The boy drives a dusty, discouraged-looking cow into the bail, and pins her head there; then he gets tackle on to her right hind leg, hauls it back, and makes it fast to the fence. There are eleven cows, but not one of them can be milked out of the bail — chiefly because their teats are sore. The selector does not know what makes the teats sore, but he has an unquestioning faith in a certain ointment, recommended to him by a man who knows less about cows than he does himself, which he causes to be applied at irregular intervals — leaving the mode of application to the discretion of his son.

Meanwhile the teats remain sore. When he gets enough milk to dip his dirty hands in, he moistens the teats, and things go on more smoothly. Now and then he relieves the monotony of his occupation by squirting at the eye of a calf which is dozing in the adjacent pen. Other times he milks into his mouth. In the latter case the youth gets tackle on to the calf, detaches its head from the teat with the heel of his boot, and makes it fast somewhere. Anyway, the boy will lam the cow down with a jagged yard shovel, let her out, and bail up another. When he considers that he has finished milking he lets the cows out with their calves and carries the milk down to the dairy, where he has a heated argument with his mother, who — judging from the quantity of milk — has reason to believe that he has slummed some of the milkers.

This he indignantly denies, telling her she knows very well the cows are going dry. The dairy is built of rotten box bark — though there is plenty of good stringy-bark within easy distance — and the structure looks as if it wants to lie down and is only prevented by three crooked props on the leaning side; more props will soon be needed in the rear for the dairy shows signs of going in that direction. The milk is set in dishes made of kerosene-tins, cut in halves, which are placed on bark shelves fitted round against the walls.

The shelves are not level and the dishes are brought to a comparatively horizontal position by means of chips and bits of bark, inserted under the lower side. The milk is covered by soiled sheets of old newspapers supported on sticks laid across the dishes.

This protection is necessary, because the box bark in the roof has crumbled away and left fringed holes — also because the fowls roost up there. Sometimes the paper sags, and the cream may have to be scraped off an article on dairy farming. She runs a forefinger round the edges of the cream to detach it from the tin, wipes her finger in her mouth, and skims.

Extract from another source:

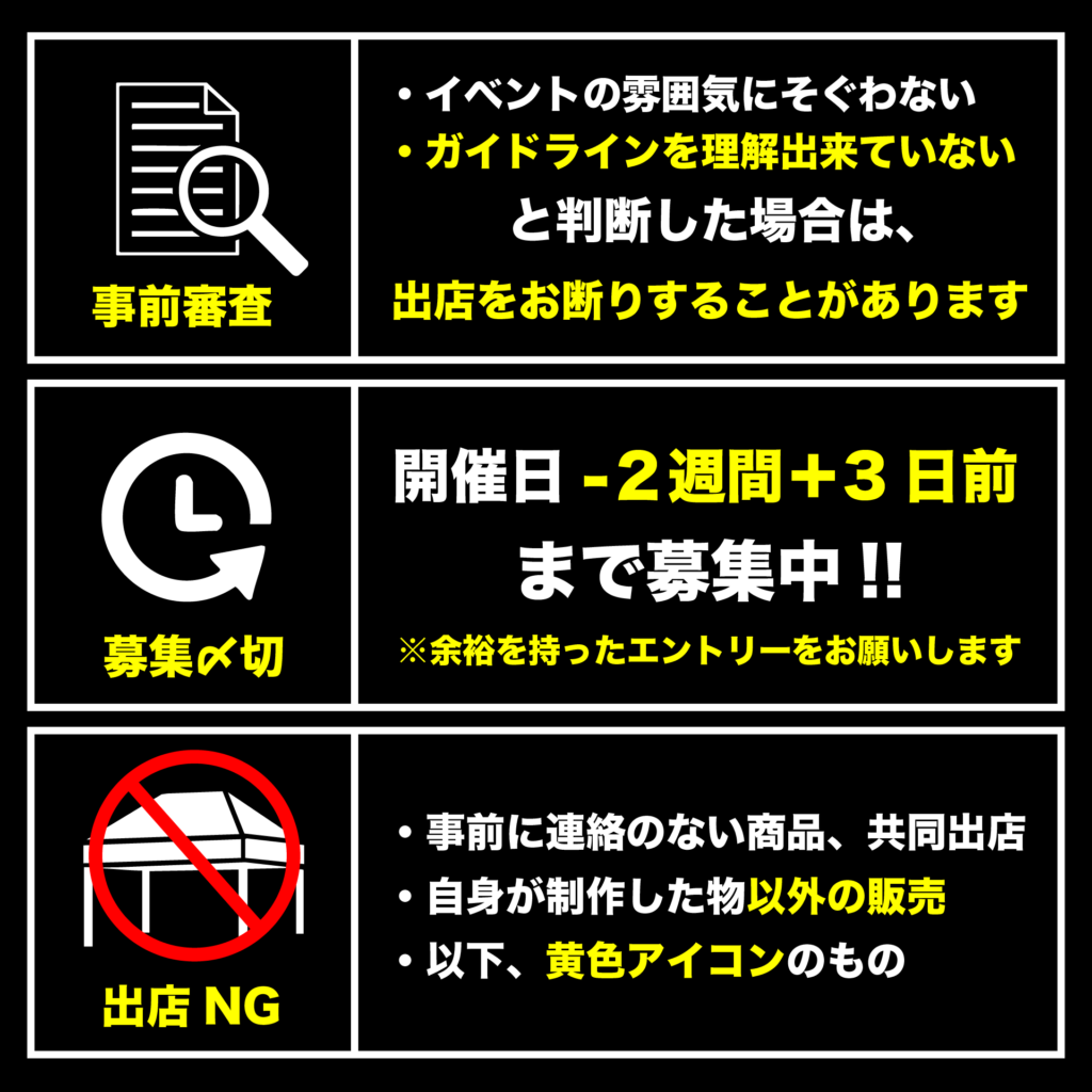 出店希望の方は、下記ガイドラインを熟読した上で、規定に沿った形でのエントリーをお願いします。

If the milk and cream are very thick she rolls the cream over like a pancake with her fingers, and lifts it out in sections. Tom holds up the doubtful-looking rag that serves as a strainer while his mother pours in the milk. The door of the dairy faces the dusty road and is off its hinges and has to be propped up. The prop is missing this morning, and Tommy is accused of having been seen chasing old Poley with it at an earlier hour. The pole is not forthcoming, and so an old dray is backed against the door to keep it in position. The boy takes the cows up to the paddock sliprails and lets the top rail down: the lower rail fits rather tightly and some exertion is required to free it, so he makes the animals jump that one.

He carries the skim-milk to the yard in a bucket made out of an oil-drum — sometimes a kerosene-tin — seizes a calf by the nape of the neck with his left hand, inserts the dirty forefinger of his right into its mouth, and shoves its head down into the milk. He welts that calf in the jaw, kicks it in the stomach, tries to smother it with its nose in the milk, and finally dismisses it with the assistance of the calf rope and a shovel, and gets another. His hand feels sticky and the cleaned finger makes it look as if he wore a filthy, greasy glove with the forefinger torn off.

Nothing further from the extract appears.